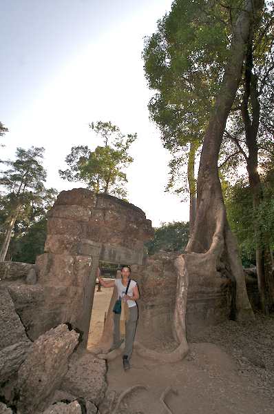 Caption: Ta Prohm: Beth with doorway and tree roots
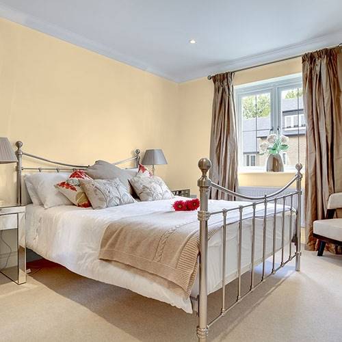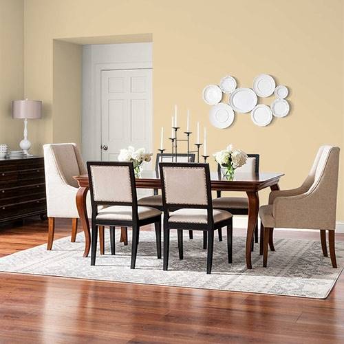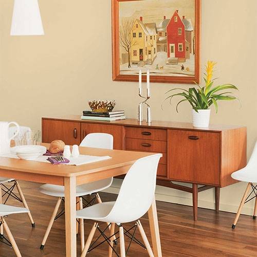A perfect midtoned cream can be used as a main wall in any given space. Touches of light cream frame this color nicely.
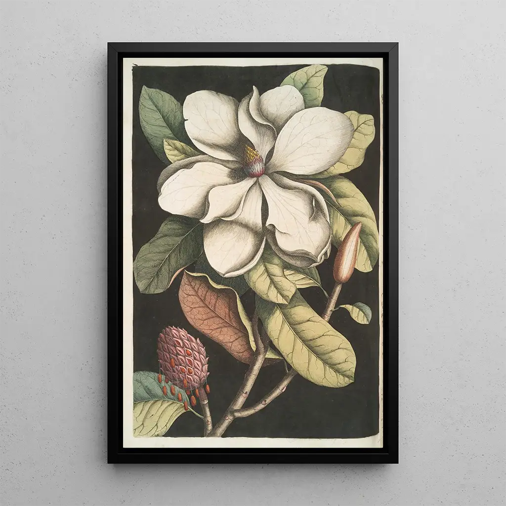 La kunsttryk de Magnolia altissima, également connue sous le nom de laurier de Caroline, évoque une atmosphère de sérénité et de beauté naturelle. Les couleurs douces et les détails minutieux de cette œuvre capturent la majesté de la plante, avec des nuances de vert éclatant et des touches de blanc pur. La technique de l’aquarelle, utilisée par Mark Catesby, permet de rendre la délicatesse des pétales et la richesse des feuillages. Cette toile invite à une contemplation paisible, où chaque élément semble vibrer d'une vie propre, transportant le spectateur dans un jardin luxuriant.
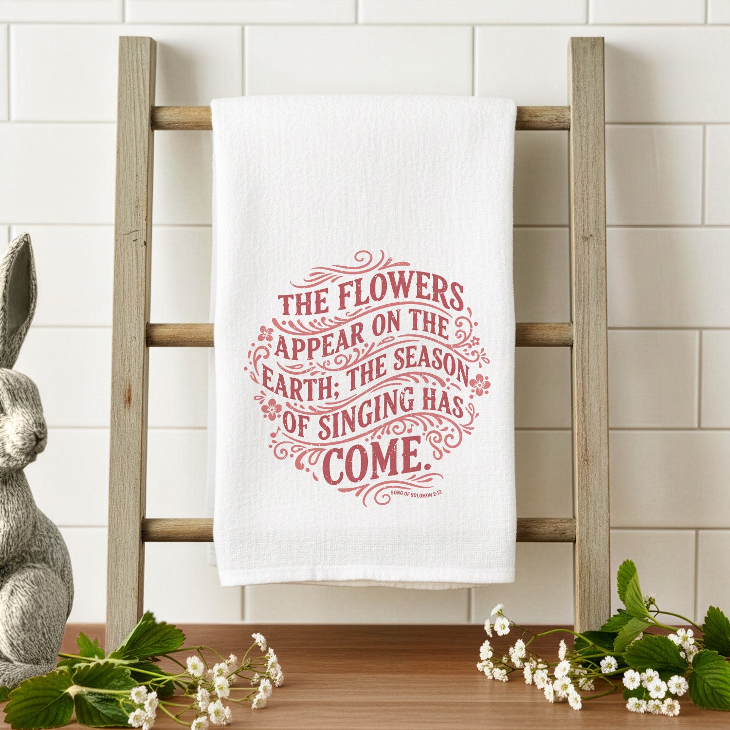 Flowers Appear on Earth Bible Verse - Tea Towel

What the exercise asks
Pictures stay out of this copy. Retype exactly the lines from the one with "A perfect midtoned" through the last line of the data, both ends included, and nothing more.

Finished task
A perfect midtoned cream can be used as a main wall in any given space. Touches of light cream frame this color nicely.
 La kunsttryk de Magnolia altissima, également connue sous le nom de laurier de Caroline, évoque une atmosphère de sérénité et de beauté naturelle. Les couleurs douces et les détails minutieux de cette œuvre capturent la majesté de la plante, avec des nuances de vert éclatant et des touches de blanc pur. La technique de l’aquarelle, utilisée par Mark Catesby, permet de rendre la délicatesse des pétales et la richesse des feuillages. Cette toile invite à une contemplation paisible, où chaque élément semble vibrer d'une vie propre, transportant le spectateur dans un jardin luxuriant.
 Flowers Appear on Earth Bible Verse - Tea Towel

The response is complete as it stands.